// Modified from calcrxc.hoc and stim.hoc of Ted Carnevale
// $Id: stim.hoc,v 1.5 2009/02/24 00:55:27 ted Exp ted $
//
// Calculates the transfer resistances between extracellular stimulating|recording
// electrode(s) and a model neuron. Relies on the principle of reciprocity, which
// assumes that the intervening bath and tissue can be treated as linear. Suppose a
// stimulus current of amplitude Is, applied to a particular configuration of
// extracellular electrode(s), produces a potential Vext(x,y,z) at location (x,y,z).
// Then the transfer resistance between the electrode(s) and (x,y,z) is
// rx(x,y,z) = Vext(x,y,z)/Is
//
// Insert the extracellular and xtra mechanisms in all sections that are subject to
// the extracellular field. Compute the transfer resistance rx for every section that
// contains xtra, as illustrated below. Construct a stimulus waveform template and
// copy it to a Vector. For each internal node along the axon, use this Vector to
// drive is_xtra(x). The xtra mechanism uses the rx values to convert the stimulus
// current waveform into the proper amplitude and sign of the local extracellular
// field.
//
// If rho, b, or c is changed, new_elec() must be invoked to make the changes take
// effect.
//
// To a first approximation, a monopolar stimulating electrode that delivers current
// I produces a field in which potential V is given by
// V = I rho / 4 PI r
// where r is the distance from the center of the electrode.
//
// The principle of superposition may be applied to deal with an arbitrary number of
// monopolar electrodes, or even surface electrodes with different shapes and areas,
// which are located at arbitrary positions, and deliver arbitrary stimulus currents.
//
// The stimulus is constructed from a waveform template that is copied to a Vector.
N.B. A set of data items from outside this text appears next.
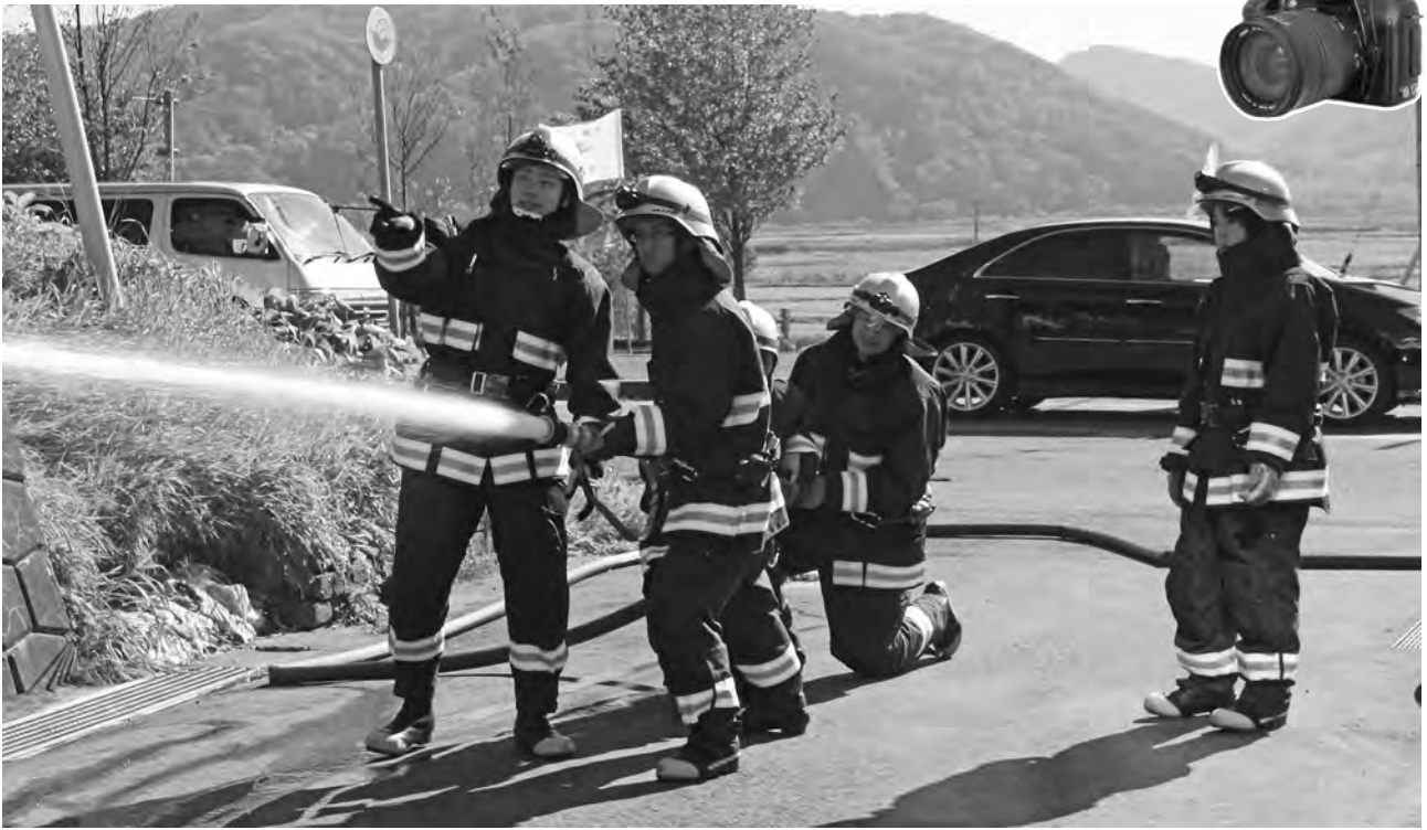
■平取高等学校職場体験（10月20日 日高西部消防組合消防署平取支署）

1・2年生の生徒たちが、町内外の各事業所のご協力により、実際に社会での仕事を体験しました。消防署では3名の生徒が、頑張って訓練を受けていました。
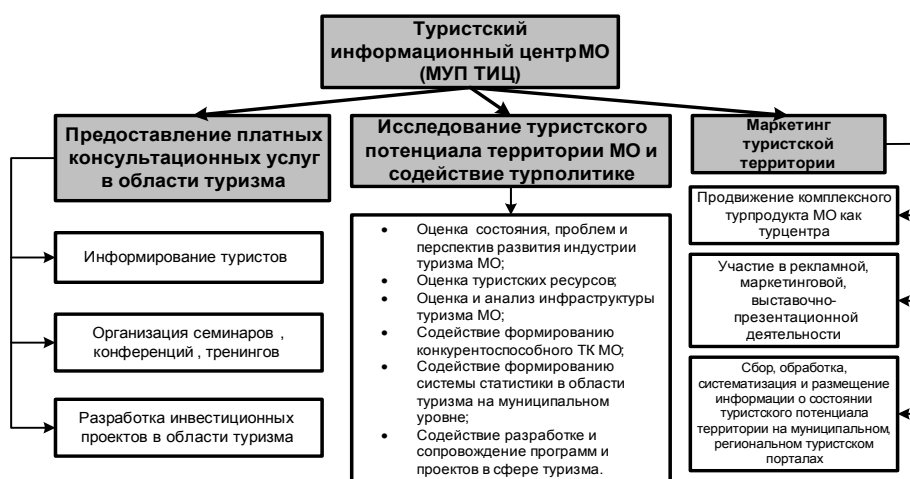
Рис. 1. Основные функции муниципального туристского информационного центра (МТИЦ)

Основные функции муниципального туристского информационного центра представлены на рис. 1.
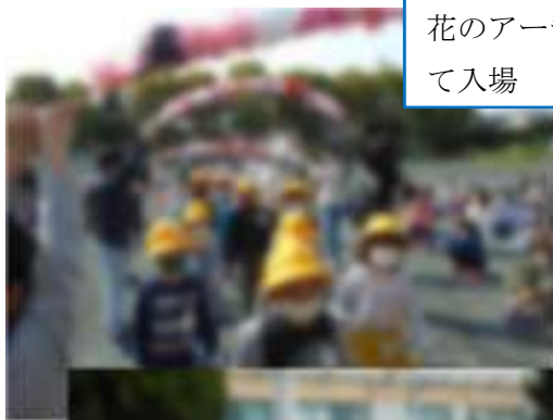
花のアーチをくぐって入場

4月8日1時間目に、運動場で「1年生を迎える会」を行いました。〇×クイズや進化ジャンケンなどで楽しく過ごしました。

// For each section that has the xtra mechanism, this Vector is used to drive
// is_xtra. The transfer resistance rx_xtra takes care of the amplitude and sign of
// the local extracellular field. This works with fixed dt and adaptive integration.
// resistivity of medium (ohm cm)
rho = 110 // 60 in Greenberg99; 35.4 for sea water
elecRad = 10 //electrode radius (um)
Rstdelec = 0.725 //transfer resistivity factor of a 10 um radius disk in Ames
// monopolar electrode position (um)
stimX = 20
stimY = 80
stimZ = -40
// rectangular pulse
stimDel = 010 // ms
stimDur = 0.1 // ms
stimAmp = -0.0011 // mA
objref stim_amp, stim_time
stim_amp = new Vector()
stim_time = new Vector()
/////////////////////////////////////////////////////////////////////
func arcsin() {
// non-iterative approximation of arcsine function
a0 = 1.5707288
a1 = -0.2121144
a2 = 0.0742610
a3 = -0.0187293
return PI/2 - sqrt(1 - $1)*(a0 + a1*$1 + a2*$1^2 + a3*$1^3)
}
proc setrx() {
// xyc coords as arguments
forall {
if (ismembrane("xtra")) {
// avoid nodes at 0 and 1 ends: not override values at internal nodes
for (x,0) {
// point source electrode
// r = sqrt( \
// (x_xtra(x) - xe)^2 + (y_xtra(x) - ye)^2 + (z_xtra(x) - ze)^2 )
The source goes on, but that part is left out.